- Cover of the first tankōbon edition

ニューヨーク・ニューヨーク (Nyū Yōku Nyū Yōku)
- Genre: Drama, yaoi
- Created by: Marimo Ragawa
- Written by: Marimo Ragawa
- Published by: Hakusensha
- English publisher: NA: Yen Press;
- Imprint: Jets Comics [ja]
- Magazine: Hana to Yume
- Original run: 1995 – 1998
- Volumes: 4 (List of volumes)
- Studio: Marine Entertainment [ja]
- Released: May 24, 2000
- Episodes: 2

= New York New York (manga) =

Japanese manga series by Marimo Ragawa

New York New York (ニューヨーク・ニューヨーク, Nyū Yōku Nyū Yōku) is a Japanese shōjo manga series written and illustrated by Marimo Ragawa. Originally serialized in the manga magazine Hana to Yume from 1995 to 1998 and adapted into an audio drama in 2000, New York New York is focused on the relationship between a police officer and a civilian.

==Synopsis==
Cain Walker, a police officer in New York City, is gay but remains closeted. He engages in a series of one night stands in the city's gay bars until he meets Mel Fredericks, with whom he decides to pursue a relationship. The series follows their often tumultuous relationship as they confront a variety of challenges, including sexual assault, marriage, parenting, and HIV/AIDS.

==Characters==
- Cain Walker (ケイン・ウォーカー)

A 25-year-old police officer at the New York City Police Department (NYPD). Born in Newton, Massachusetts, he moved to Queens in order to work as a police officer. He is gay, but closeted.
- Mel Fredericks (メル・フレデリクス)

A 22-year-old barista born and raised in Upper Manhattan. He was raised by his aunt after his mother committed suicide, but left the home after being sexually abused by his uncle while in high school.
- Daniel Howard (ダニエル・ハワード)

A former colleague of Cain's who became involved in smuggling heroin.
- Brian Berg (ブライアン・バーグ)

The chief of the NYPD, and Cain's boss.

==Media==
===Manga===
The series, which was developed by author Marimo Ragawa after a visit to New York City, was serialized in the manga magazine Hana to Yume from 1995 to 1998. It was subsequently collected by Hakusensha as four tankōbon volumes in 1998, and later re-published as two bunkoban volumes in 2003, featuring essays by manga scholar Yukari Fujimoto and author Satoru Ito. An English-language translation of the series published by Yen Press was originally slated for release in October 2021. However, it was delayed until March 2022.

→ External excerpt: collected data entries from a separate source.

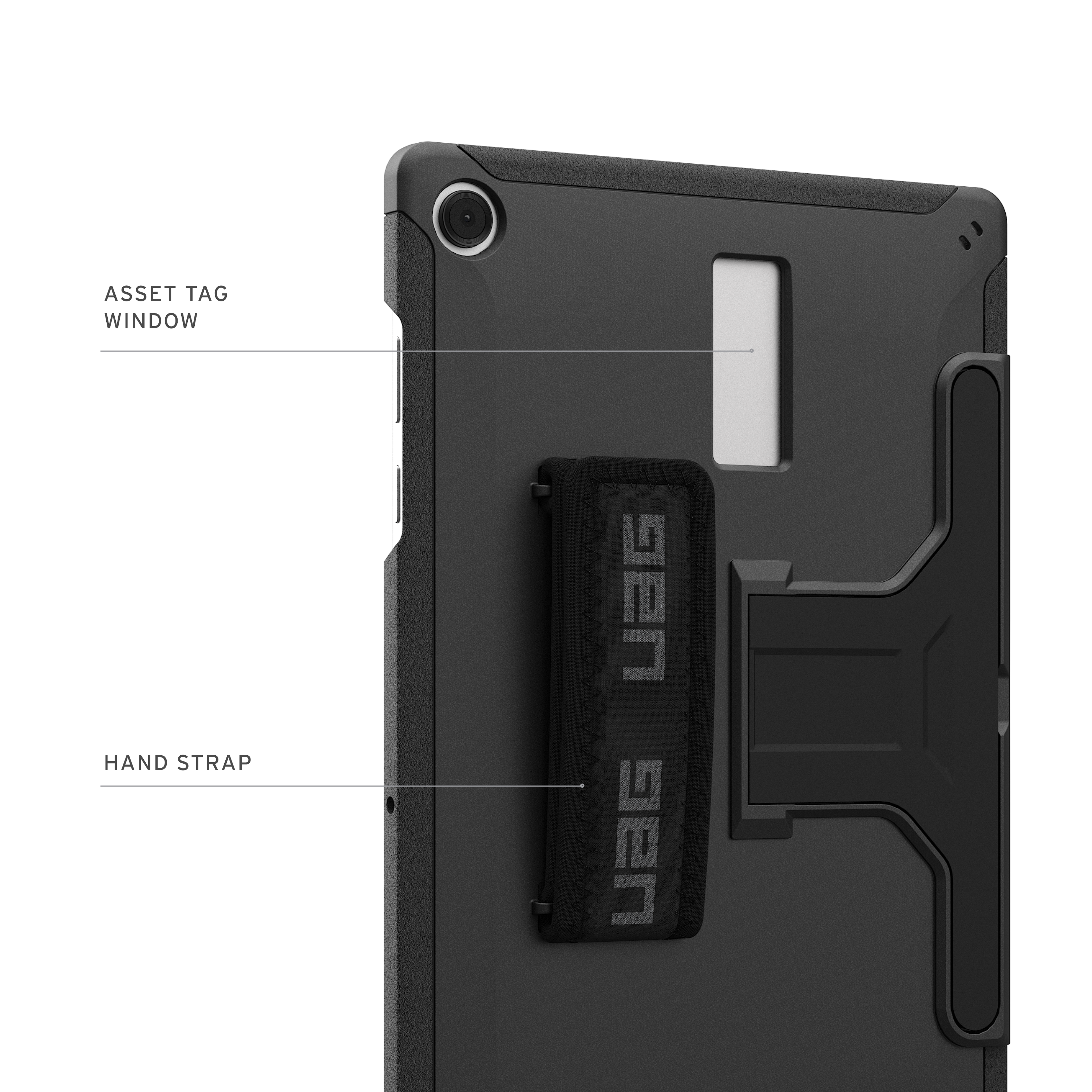 Scout Galaxy Tab A11+ Plus 11" with Kickstand & Hand strap Case with Asset Tag Window
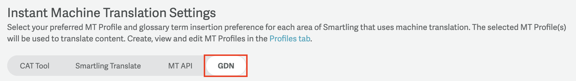- Switch on the toggle to Enable Machine Translation for GDN.
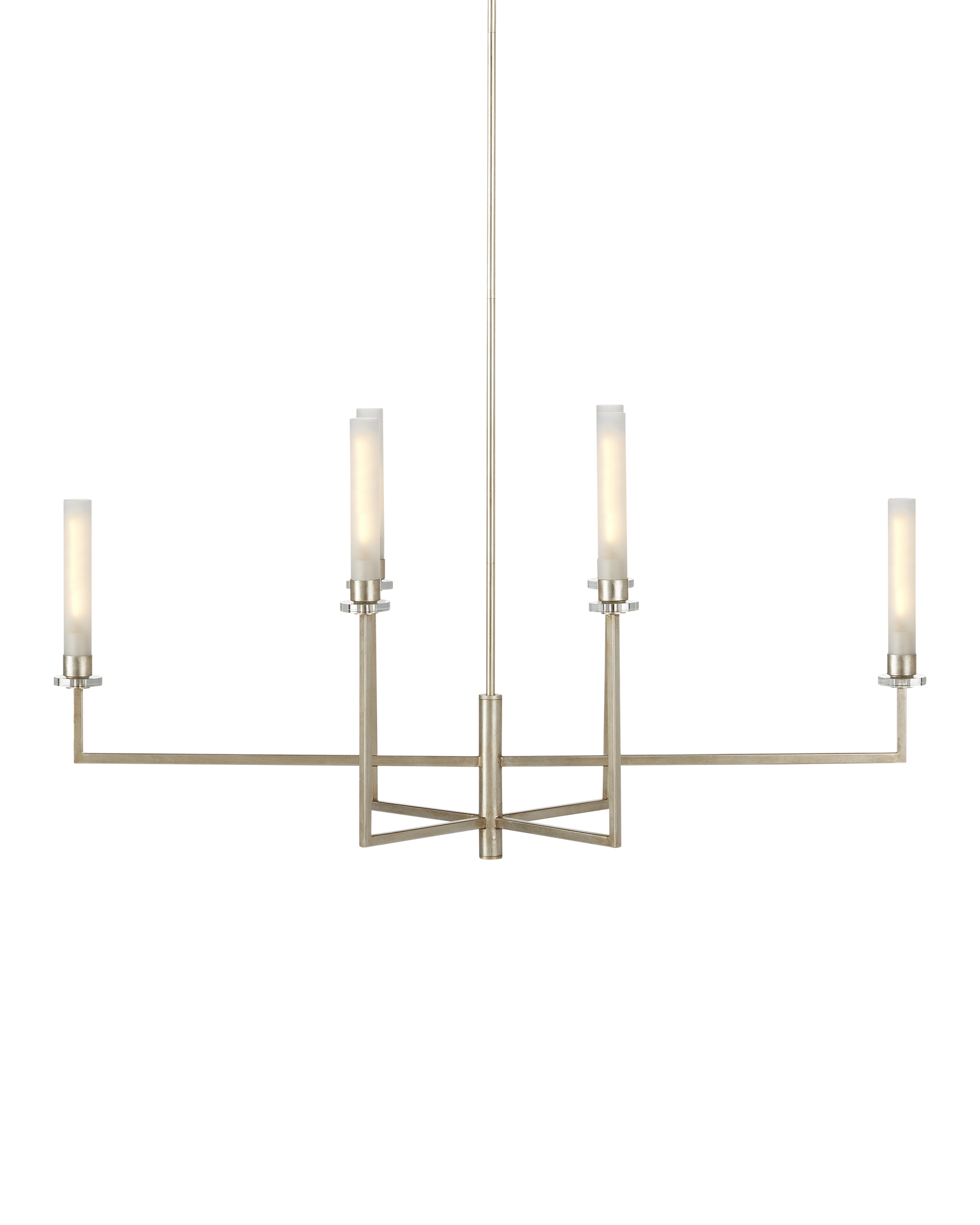 Made of metal in a champagne finish, the squared arms of the Courante Silver Chandelier balance optic crystal bobeches and frosted glass candle sleeves that enclose LED bulbs. Ian Thornton designed this chic chandelier in an oblong, so it would illuminate rectangular tables or kitchen islands. The height of the arms, the pared-down profile, and the gleaming combination of materials and finishes make this a traditional style turned thoroughly modern. Adjustable from 27.5" to 69.5" with use of included chain/rod kit/cable. If your space calls for a longer drop, additional chain/rods/cable is available for purchase.

| No. | Original release date | Original ISBN | English release date | English ISBN |
|---|---|---|---|---|
| 1 | March 1998 | 4-592-13178-9 | March 8, 2022 | 978-1-9753-2535-0 |
| 2 | May 1998 | 4-592-13342-0 | March 8, 2022 | 978-1-9753-2535-0 |
| 3 | August 1998 | 4-592-13343-9 | July 19, 2022 | 978-1-9753-3814-5 |
| 4 | November 1998 | 4-592-13344-7 | July 19, 2022 | 978-1-9753-3814-5 |

===Audio drama===
An audio drama adaptation of New York New York was produced by Marine Entertainment (a subsidiary of Animate) and released on two compact discs on May 24, 2000.

==Reception and analysis==
In Manga: Sixty Years of Japanese Comics, writer Paul Gravett describes New York New York as a "moving, 700-page melodrama," praising its thriller elements and its realistic depiction of gay identity. Mark McLelland of the University of Wollongong similarly notes that in contrast to "pre-political" yaoi of the 1990s that typically focused on romance to the exclusion of sexual identity, New York New York is notable as among the first yaoi manga to depict social realism in its treatment of gay identity through its portrayal of homophobia, coming out, gay bashing, sexual abuse, and rape. He commends the series for its attempt "to refer to the very real social problems in which same-sex desire is grounded," but writes that the sentimental and melodramatic nature of the story "works against a realistic interpretation of the narrative." In a separate review, McLelland qualifies his assessment of New York New York by noting that as yaoi is "not written by or for gay men," it "should not be criticised for failing to represent their concerns accurately."

McLelland further notes Cain and Mel as an archetypal example of seme and uke dynamics in yaoi. Mel assumes the role traditionally occupied by women in heterosexual romance fiction: he is physically weak, subordinated, emotional, and repeatedly the victim of crimes from which he is saved by his lover. McLelland argues that Mel consequently exists to serve as a figure of identification for the yaoi genre's largely female readership.